Happy Book Birthday to Losing Eden

Book Birthdays celebrate one year of a book’s life in tweets, reviews, and more. This month we’re saying Happy First Book Birthday to the new edition of Losing Eden: An Environmental History of the American West (Nebraska, 2023) by Sara Dant.

About the Book:

Historical narratives often concentrate on wars and politics while omitting the central role and influence of the physical stage on which history is carried out. In Losing Eden award-winning historian Sara Dant debunks the myth of the American West as “Eden” and instead embraces a more realistic and complex understanding of a region that has been inhabited and altered by people for tens of thousands of years.

A Word from the Author:

I’ve been so pleased that in its first year, Losing Eden has found a broad audience. Readers across the popular and academic spectrum have responded enthusiastically to the book’s core themes of reconciling economic success and ecological destruction, creating and protecting public lands, and achieving sustainability. In particular, the chapters on Idaho Senator Frank Church, whose consensus politics still provide a compelling and democratic model for balancing economy and environment, and on contemporary climate change challenges framed by my travelogue from the Arctic National Wildlife Refuge have generated wonderful email exchanges and thought-provoking discussions.
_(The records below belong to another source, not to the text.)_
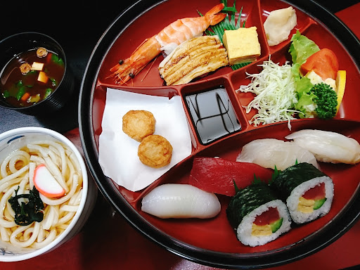Read moreお昼のランチを頂きました 単独でしたので 憧れ(笑)のカウンターに案内され すしランチ980円税別 昼時とあって店内はボチボチの客入り 提供も早く、まず器の大きさに圧倒 有頭海老に穴子の握りに玉子焼き マグロ、イカ、白身、貝の握りに巻き寿司2 優しげな大将に聞いたところ白身は真鯛で貝はツブ貝とのこと 他に揚げた練り物にミニサラダ 小うどんに赤だしまでついてます 寿司はさすがで安い回転すしに比べネタも大きく美味しく頂きました☺️ 小さいといえどうどんプラスで満腹 チェーン店などでは提供されない赤だしは 愛知県民にはたまらない逸品(笑) 具はシンプルに巻きフに豆腐に三つ葉でしたが おかわり自由ということで、おかわり頂きました✨ 店内は明るい照明とは言えなかったが 落ち着いた感じで店員さんも気さくな 家族経営の雰囲気でキライじゃないかな🎵 昼から1,000円のランチは贅沢だったが コストパフォーマンスは高く ...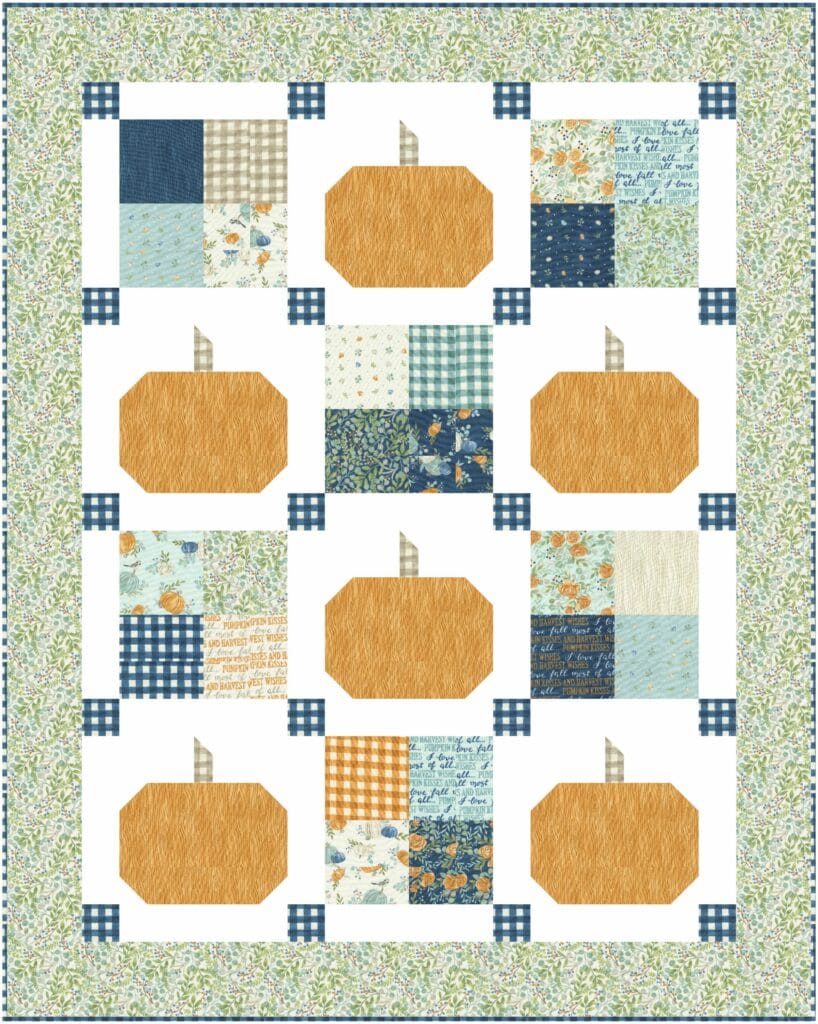 But this quilt would also be equally gorgeous to feature orange pumpkins. I’ve done a mock up for you in the Harvest Wishes fabric collection which is also by Deb Strain and here it’s shown in the small throw size.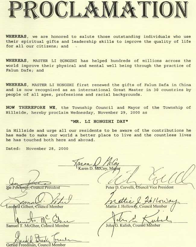 新泽西州希尔赛德市市长和七名议员联合宣布2000年11月9日为“李洪志先生日”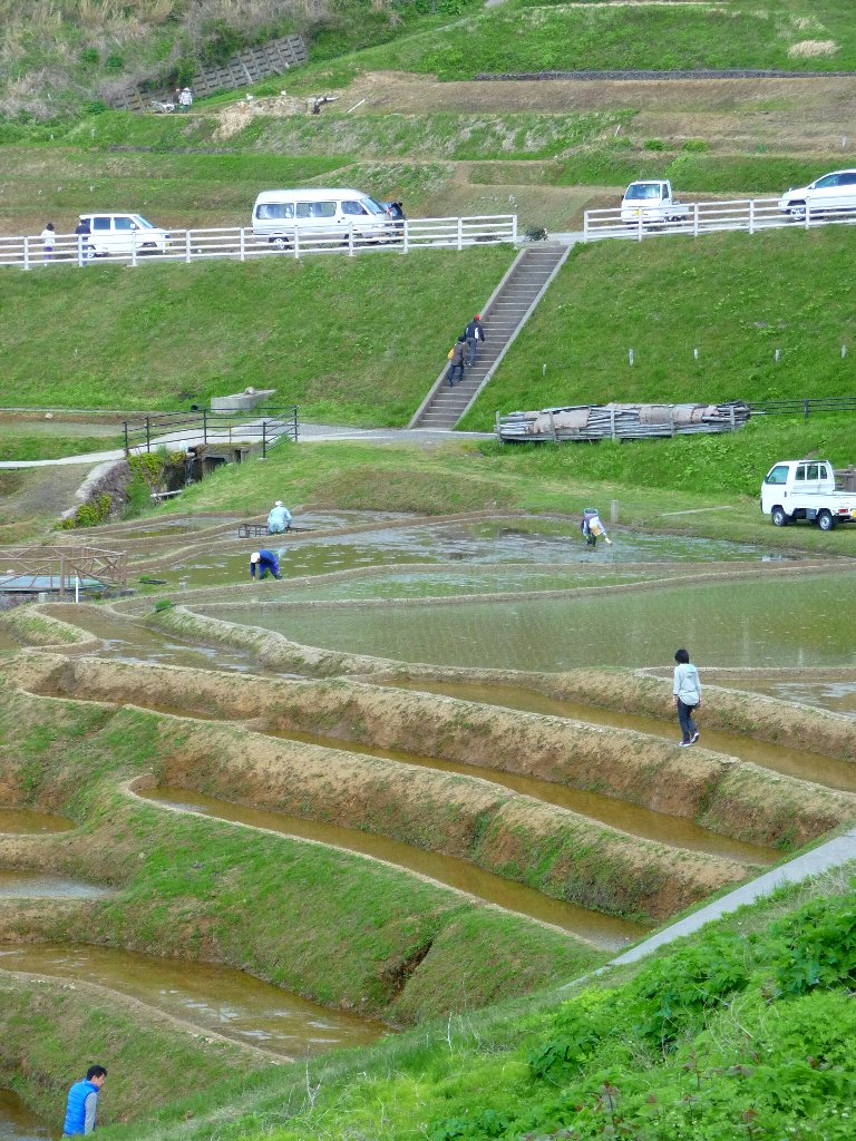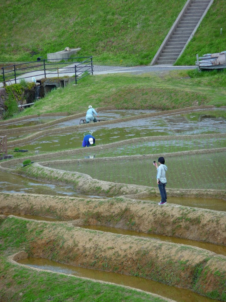 姉ちゃん畦に入り込んで田植えしてる方々を見学、
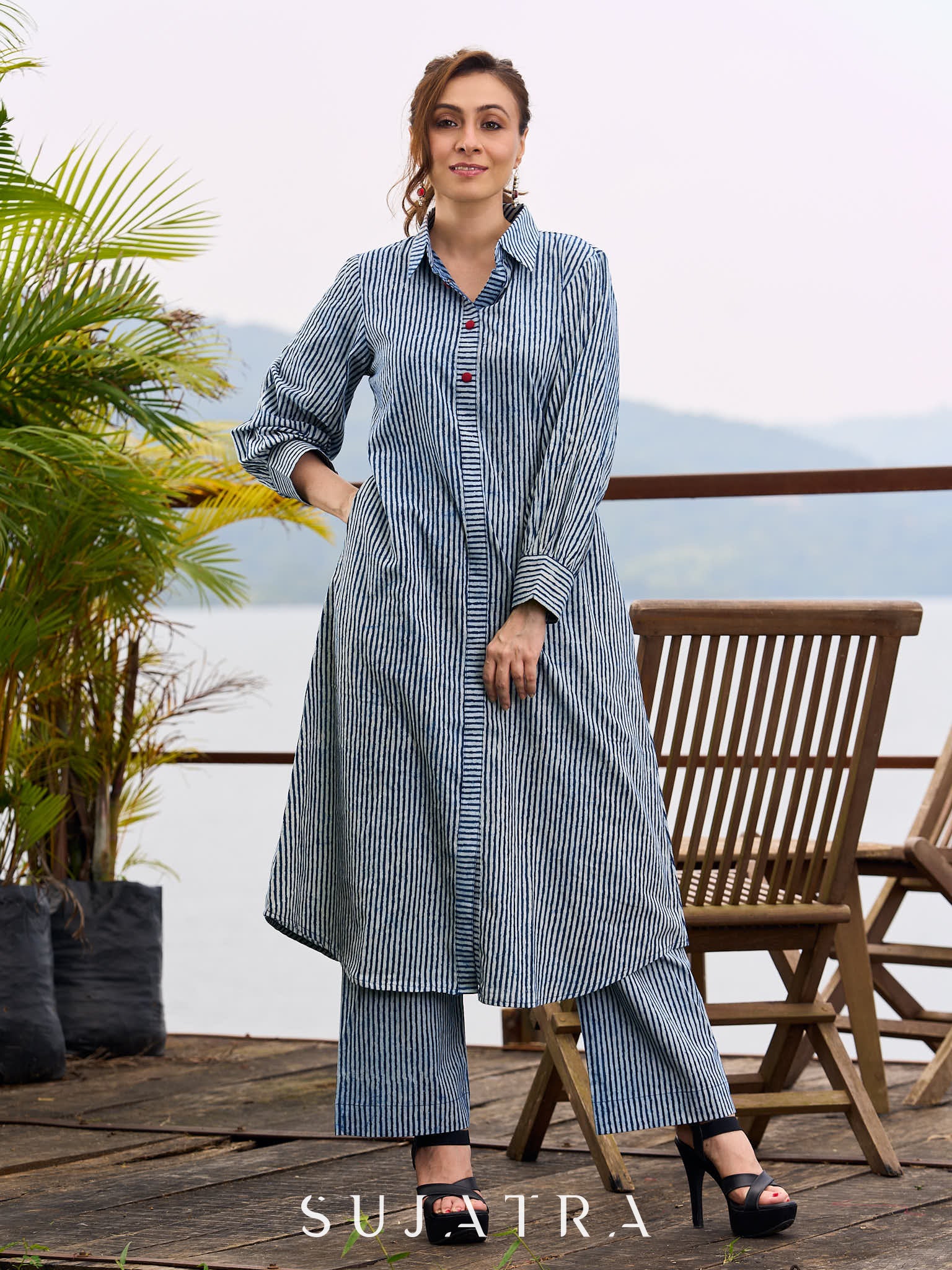 Classic Indigo A-Line Kurta with Vertical Stripes and Front Button Detailing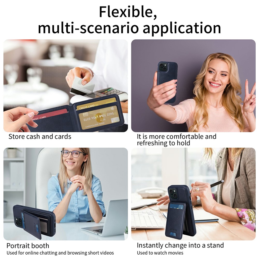 - Kickstand Feature The card holder doubles as a kickstand for hands-free use. This feature is perfect for watching videos or video calls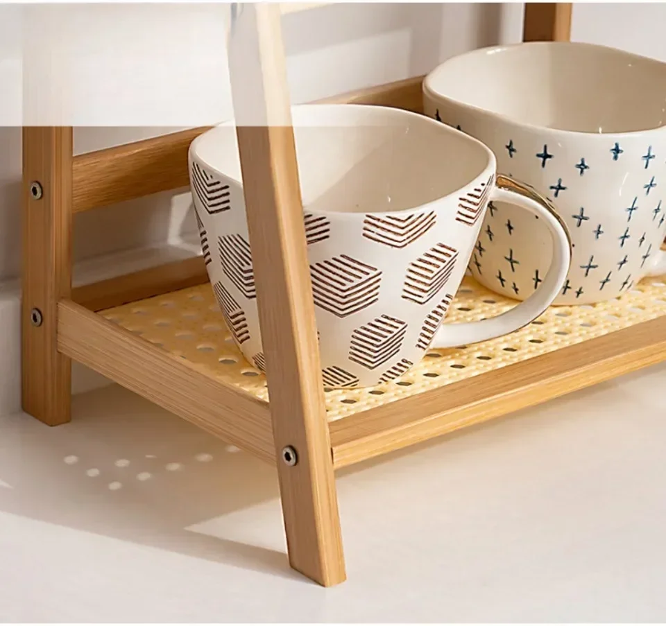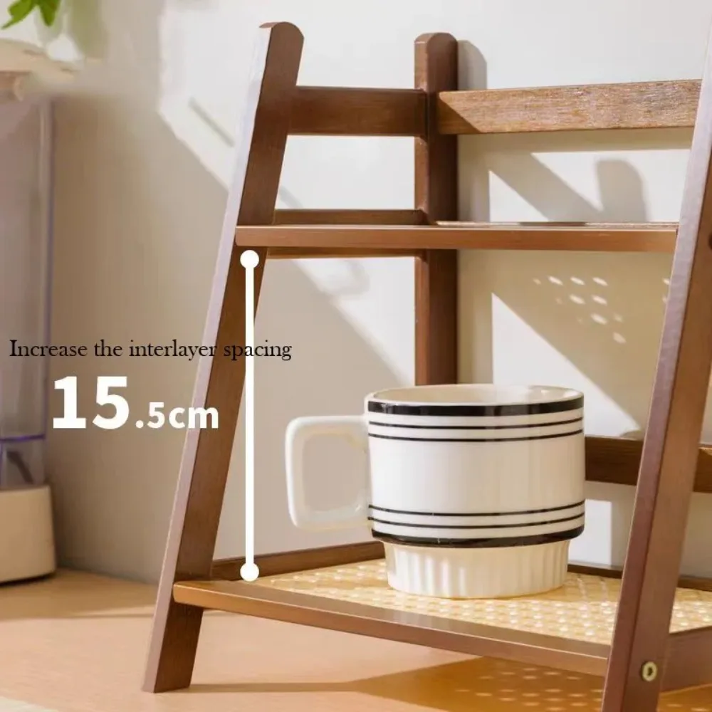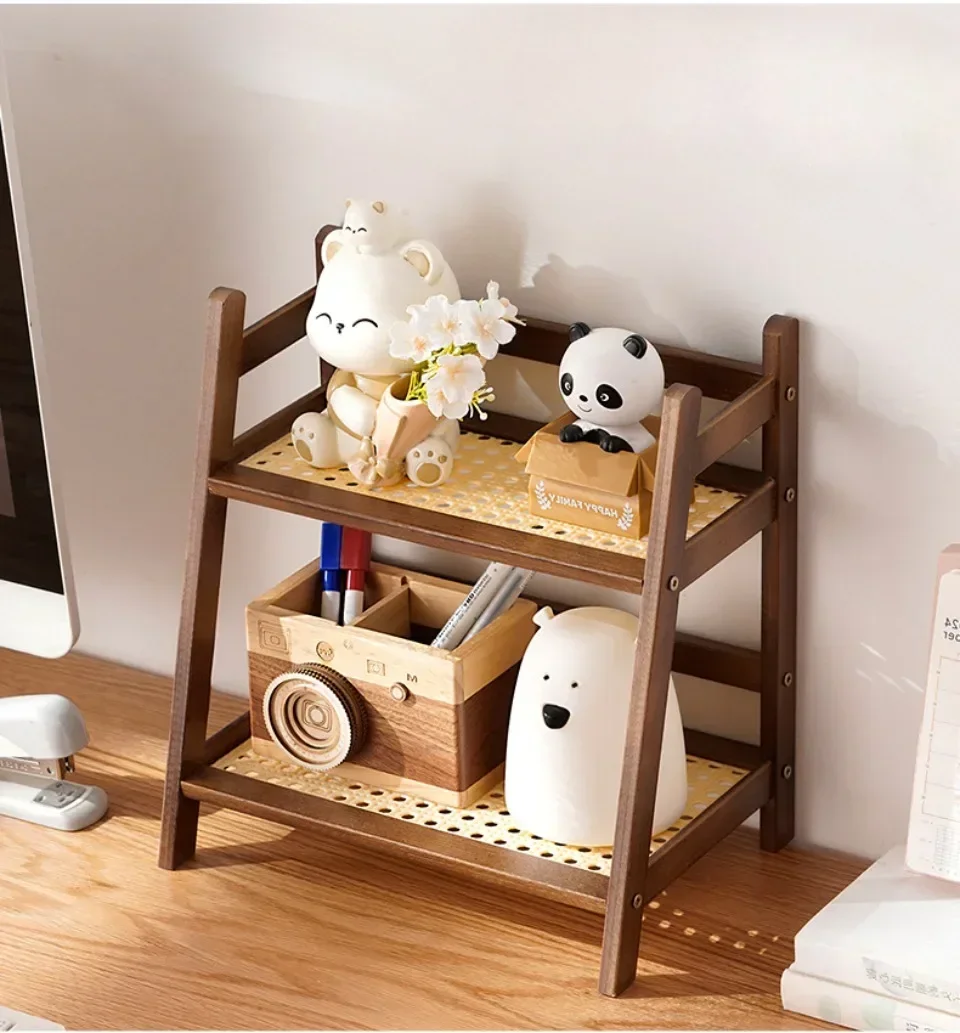 Double Layer Bamboo Rack 2-Tier Desktop Organizer Display Racks Office Stationary Office Storage Makeup Organizion for Vanity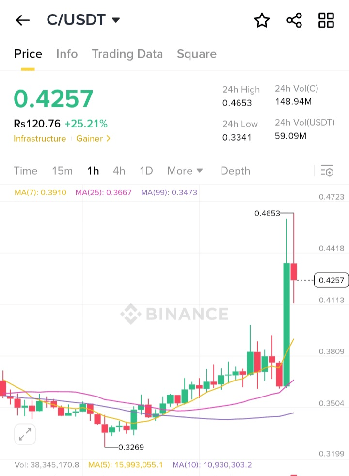 Der Markt wachte heute zu einem massiven Preisanstieg im C/USDT-Paar auf, mit einem Preissprung von +25,21% in den letzten 24 Stunden, der einen Höchststand von 0,4653 $ erreichte, bevor er auf 0,4257 $ zurückfiel.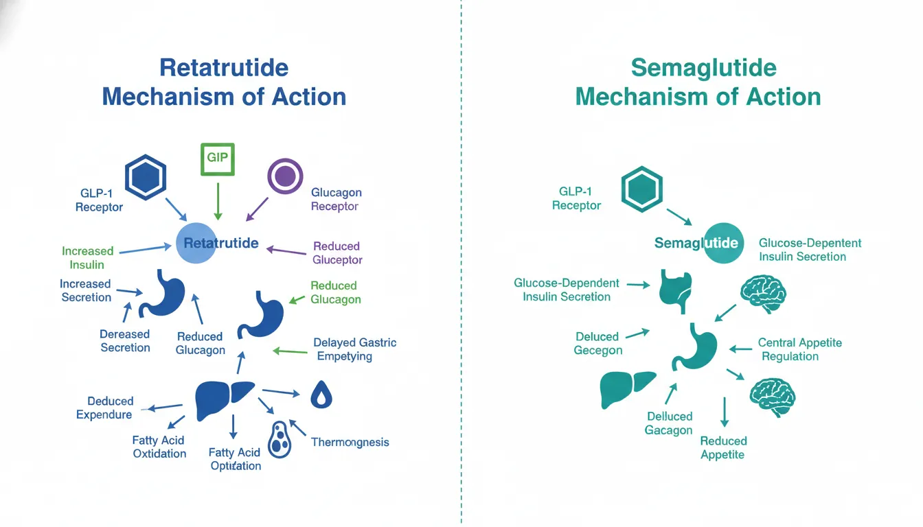 This comparison examines whether retatrutide's triple agonist mechanism offers clinically meaningful advantages over semaglutide's proven single-agonist approach, while acknowledging the fundamental asymmetry in evidence quality between a fully approved drug and an investigational compound.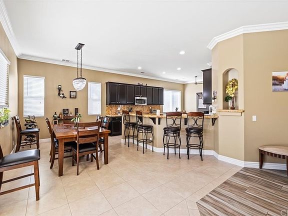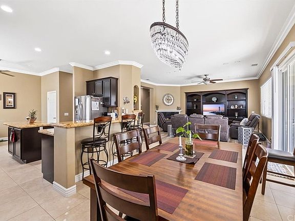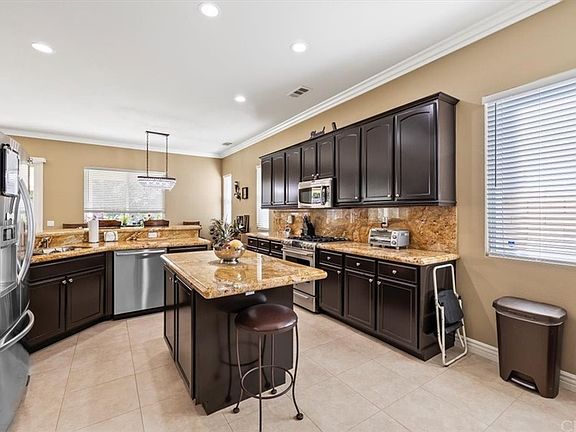 This stunning single-story residence boasts 4 bedrooms, 2 1/2 baths, with an optional 5th bedroom/bonus room, ideal for flexible living arrangements. Step into the open-concept design featuring wood-look tile flooring and a bespoke built-in entertainment center, creating a cozy ambiance. The kitchen showcases tile flooring, granite countertops, ample upgraded espresso-colored cabinets, an island, and a dining area, seamlessly connecting to the dining room and living room for effortless entertaining. Crown molding adds a touch of elegance throughout, while ceiling fans ensure comfort in every bedroom. Enjoy the convenience of an indoor laundry room. The hallway bathroom offers a private tub/shower combo, granite countertops, and double sinks for added luxury. The spacious master bathroom boasts a separate jetted marble bathtub and walk-in shower, along with double sinks and a walk-in closet, providing a retreat-like experience. Outside, discover a beautifully landscaped oasis featuring queen palms, lemon, plum, fig, orange, and cherry trees, adding to the allure of this stunning property. One year term. No smoking, stove, microwave and dishwasher included. No HOA. Renters insurance required.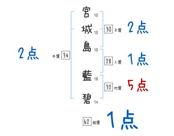 宮城島藍碧さんの画数の鑑定結果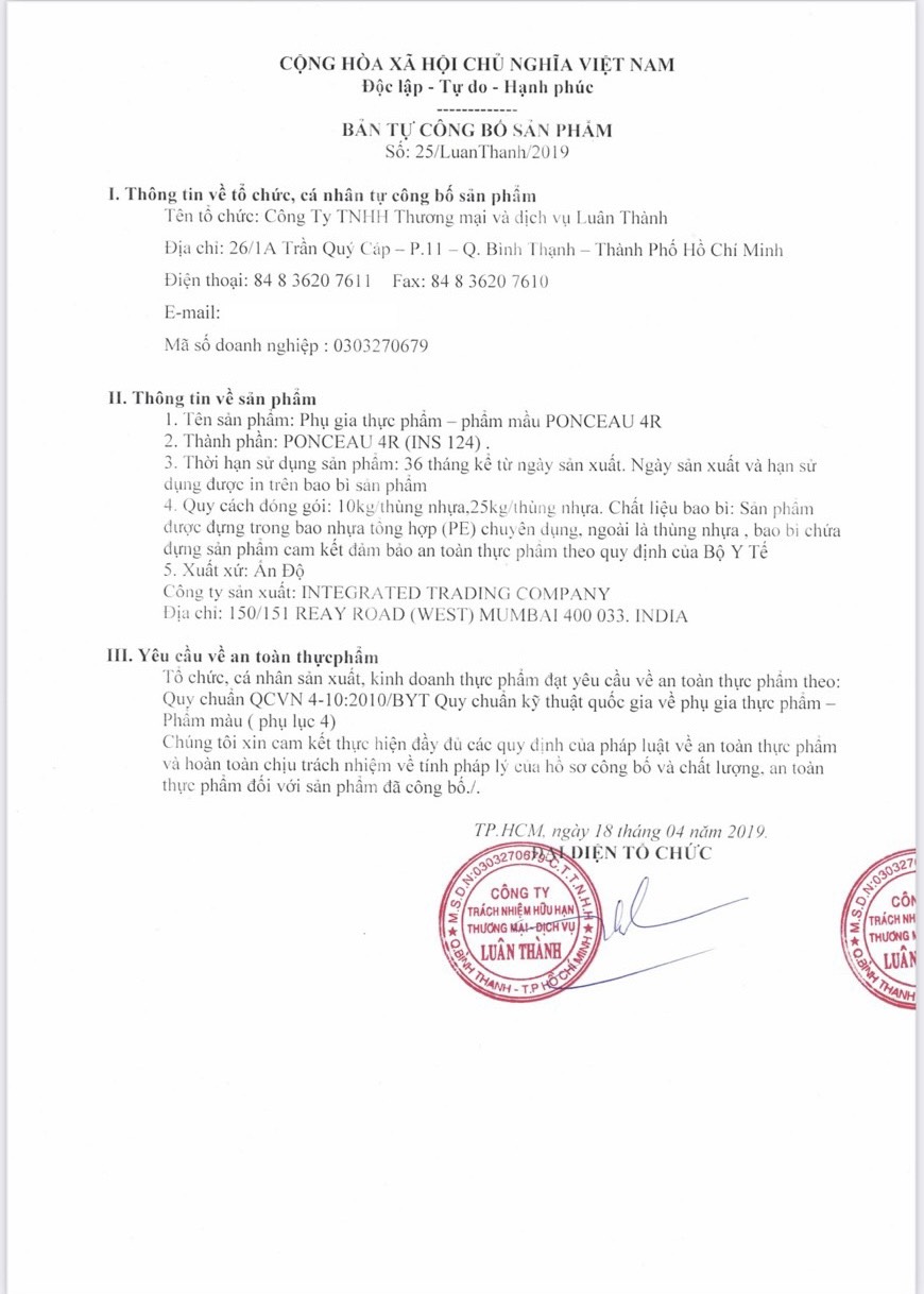 Bột màu của chúng tôi được Bộ Y tế cấp giấy chứng nhận an toàn vệ sinh thực phẩm, giúp bạn hoàn toàn yên tâm khi sử dụng. Được kiểm định kỹ lưỡng, sản phẩm không chỉ đảm bảo an toàn mà còn giúp tiết kiệm chi phí so với sử dụng màu nước thông thường.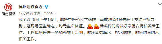 下午6点,记者向杭州地铁集团核实,4名失踪工人先后被救出,但已无生命体征。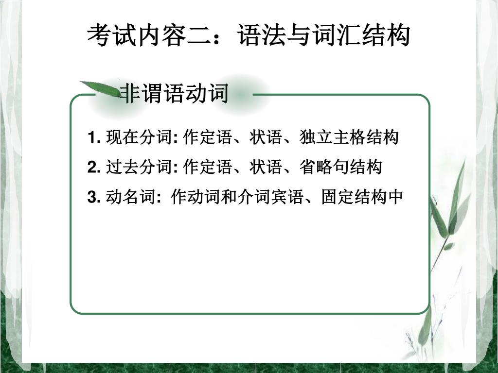 非谓语动词 考试内容二:语法与词汇结构 welcome to use these PowerPoint templates, New Content design, 10 years experience 1. 现在分词: 作定语、状语、独立主格结构 2. 过去分词: 作定语、状语、省略句结构 3. 动名词: 作动词和介词宾语、固定结构中

At the Tucson Book Festival this past March, I had the opportunity to talk about the book and the West with an audience of more than a hundred people, thanks to the Western National Parks Association. The always-generous Ed Roberson and I spoke for more than an hour on his terrific Mountain & Prairie podcast, the Smithsonian Association sponsored an in-depth talk on the book, the Idaho Humanities Council hosted a week-long teacher seminar featuring Losing Eden and podcast), and I had the incredible opportunity to be involved in one of the latest Ken Burns documentaries, The American Buffalo. No matter the venue, people have been drawn to the compelling story that the past, present, and future West has to tell. One of my favorite compliments came from a teacher who said, “I had heard of a lot of these topics, but I had no idea how powerfully connected they all were and are.”

The truth is, of course, that the environmental history of the West – the big history of people and nature across deep time – is fraught with difficult topics. The challenge was to capture those stories within a readable, compelling narrative that carries the reader from Beringia, through the Columbian Exchange, and federal territorial acquisition to post–World War II expansion, resource exploitation, and current climate change issues all while drawing upon the latest science and thinking. The motivation for this long arc is pretty straightforward: I believe that the greatest threat to the West, the United States, and the world is global climate change. Some of the consequences are already evident – we’re all feeling it this summer – and the possibilities yet to come are frightening. But because the American West is at the vanguard of these environmental shifts, the need to develop a long-term sustainable relationship between people and nature in this region has become particularly urgent.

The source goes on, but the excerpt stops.